Alguns chefes de equipes de F1 previram ultrapassagens em locais incomuns por esse mesmo motivo, mas na prática parece mais provável que todas as equipes de uma determinada pista convirjam para uma estratégia semelhante – para que não acabem nos locais mais vulneráveis.
Lewis Hamilton, Ferrari
Foto por: Ferrari
Se as equipes adotarem uma abordagem semelhante, o telespectador pode nem perceber, mas para os pilotos isso se torna inegavelmente um fator chave – e como Liam Lawson confirmou, muito mais importante do que antes.
“Parece que podemos fazer muito mais como pilotos para fazer a diferença, e isso é bom”, explicou o neozelandês. “Mas neste momento ainda é muito cedo.”
Maior carga de trabalho? “O que é bom para um motorista não é bom para outro”
Todos os elementos controlados pelo condutor levantam a questão de saber até que ponto a carga de trabalho dos condutores está a tornar-se maior ou talvez até demasiado grande. A FIA acredita ter encontrado um meio-termo, embora ainda vá avaliar todos os dados e feedback da primeira semana de testes de inverno.
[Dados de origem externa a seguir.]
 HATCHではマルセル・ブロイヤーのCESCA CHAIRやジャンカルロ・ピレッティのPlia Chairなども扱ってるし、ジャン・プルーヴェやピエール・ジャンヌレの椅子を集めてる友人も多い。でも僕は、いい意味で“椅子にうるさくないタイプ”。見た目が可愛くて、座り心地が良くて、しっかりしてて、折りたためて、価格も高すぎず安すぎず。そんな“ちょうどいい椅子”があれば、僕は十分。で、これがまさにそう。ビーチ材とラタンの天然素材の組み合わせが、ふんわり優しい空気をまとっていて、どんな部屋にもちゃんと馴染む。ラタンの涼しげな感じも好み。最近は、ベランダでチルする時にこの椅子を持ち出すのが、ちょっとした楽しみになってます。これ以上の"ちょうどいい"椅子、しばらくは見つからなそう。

“Acho que estamos em uma posição razoável. Obviamente, há um elemento de incerteza em primeiro lugar até que realmente vejamos todas essas coisas na prática. E há também um elemento de subjetividade. O que um piloto pode pensar que está completamente certo para ele, talvez para outro piloto não esteja completamente bem”, explicou Nikolas Tombazis, chefe de corridas de monolugares da FIA, quando questionado pela Autosport, observando que diferentes pilotos têm larguras de banda mentais diferentes ao volante.
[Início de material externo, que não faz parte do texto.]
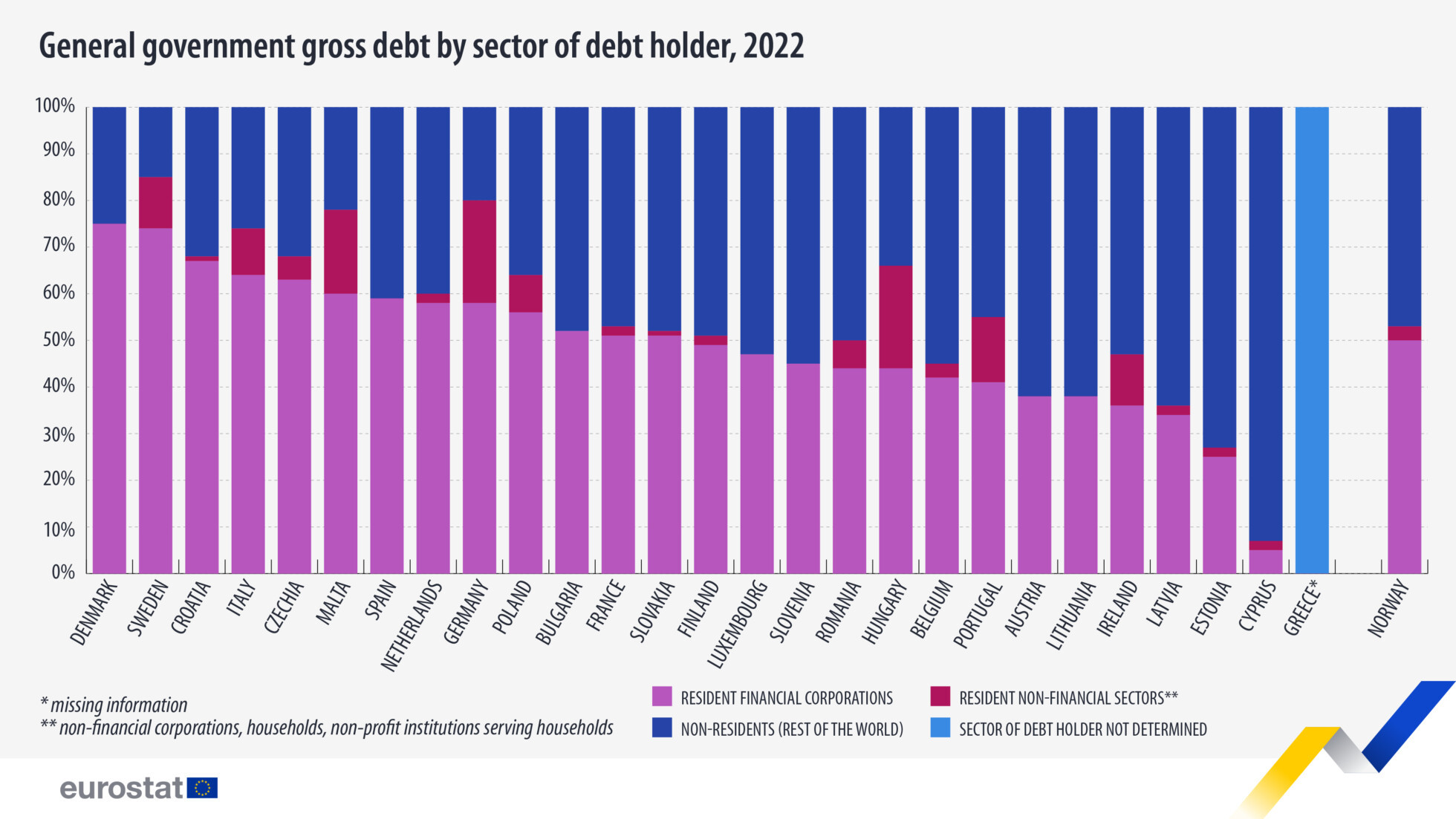 Štruktúra vlastníctva štátneho dlhu v krajinách EÚ je rôznorodá. V Dánsku vlastnia až 75 percent vládneho dlhu domáce finančné inštitúcie. Na Cypre zas 93 percent dlhu vlastnia inštitúcie alebo jednotlivci z iných krajín. V prípade slovenského vládneho dlhu vlastnia rezidenti o niečo viac ako polovicu.
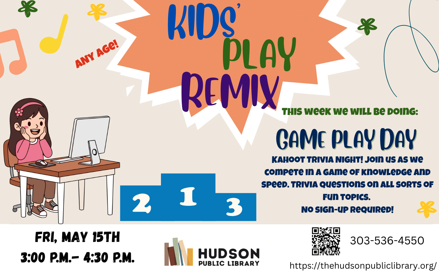 A new, fun and exciting learning opportunity that remixes different themes of play for school-aged children. Each week hosts a different event, so follow closely for all the endless fun! This week, we will be playing Kahoot! Please call 303-536-4550 if you have any questions or stop by during open hours. |

A FIA explicou anteriormente que foi feita uma tentativa deliberada de colocar os pilotos em um lugar mais central no esporte. Segundo Tombazis, o auge do automobilismo “não deveria ser apenas um volante e dois pedais”.
“Portanto, não há uma resposta única e objetiva para isso. Acho que fizemos bons progressos nessa frente, mas, como disse antes, também temos ações potenciais que podemos tomar se percebermos que algo não está certo. Temos muitas ferramentas no bolso que podemos discutir.”
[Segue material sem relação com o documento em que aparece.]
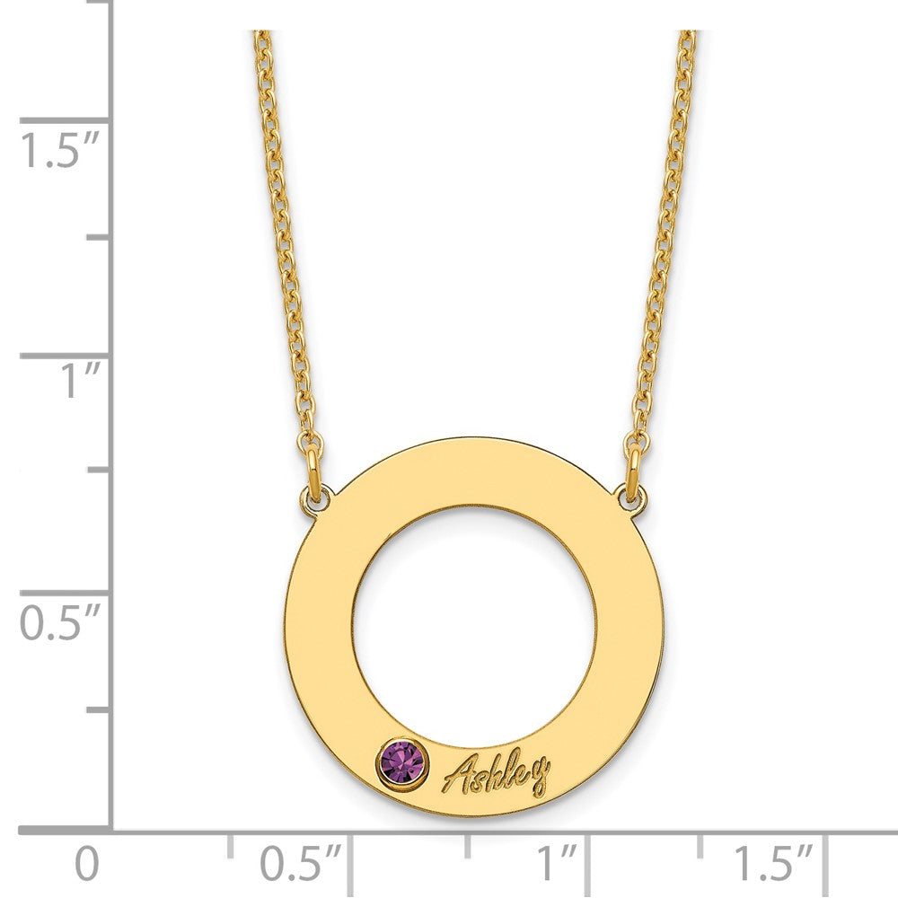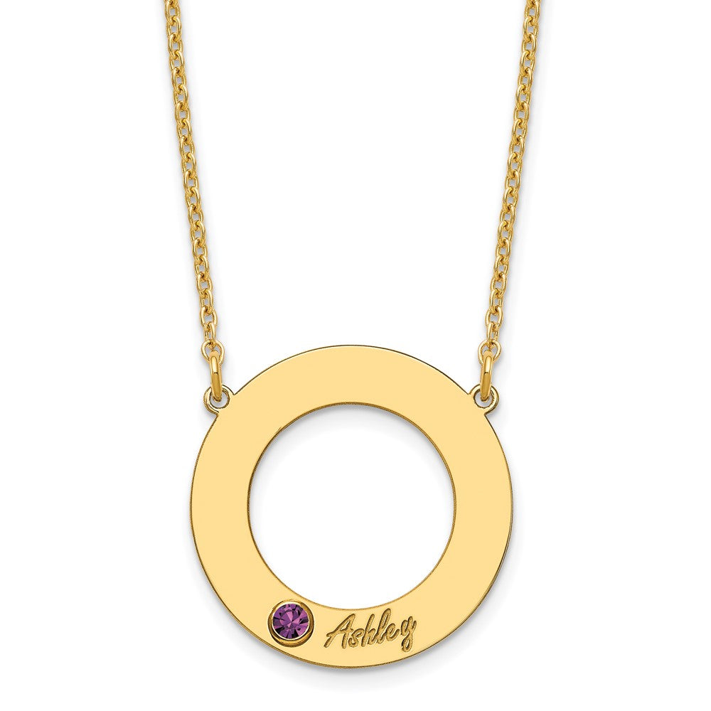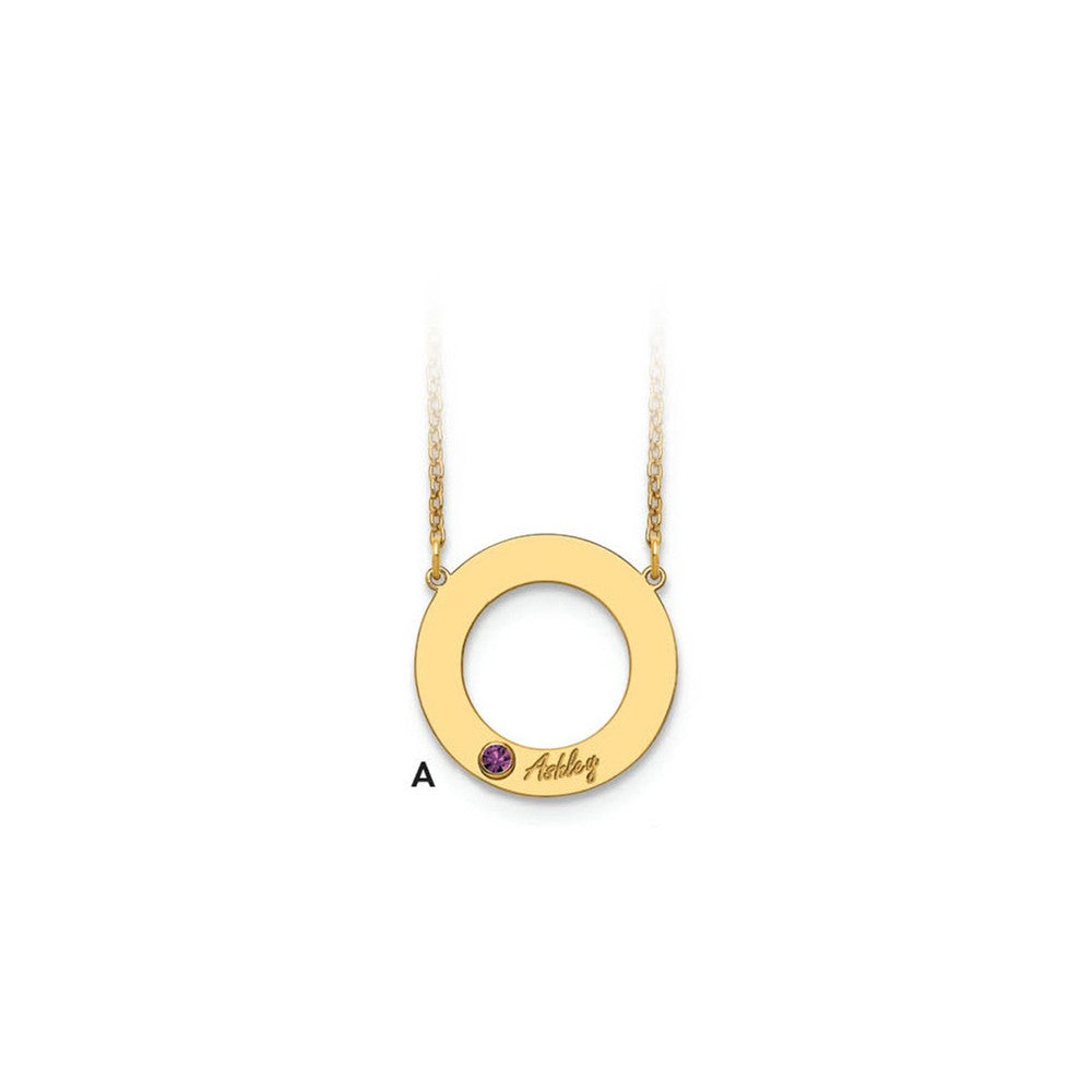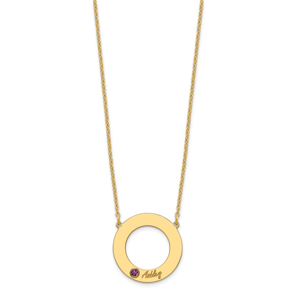 10KY 1 Name and Birthstone w/ 14k Bezel Cut Out Circle Necklace

Por enquanto, porém, não surgiram muitas reclamações após os primeiros três dias de corrida em Barcelona. Sim, todos os pilotos dizem que a sensação é completamente diferente e que têm de se adaptar em muitas áreas – incluindo o estilo de condução – mas Andrea Kimi Antonelli resumiu isso como “ainda factível”.
“Ainda levará algum tempo para experimentar todos os modos – ultrapassagens, ultrapassagens, todas essas coisas”, disse o jovem italiano. “É um pouco diferente do que tivemos no ano passado e requer um pouco mais de gestão, mas é tudo factível.”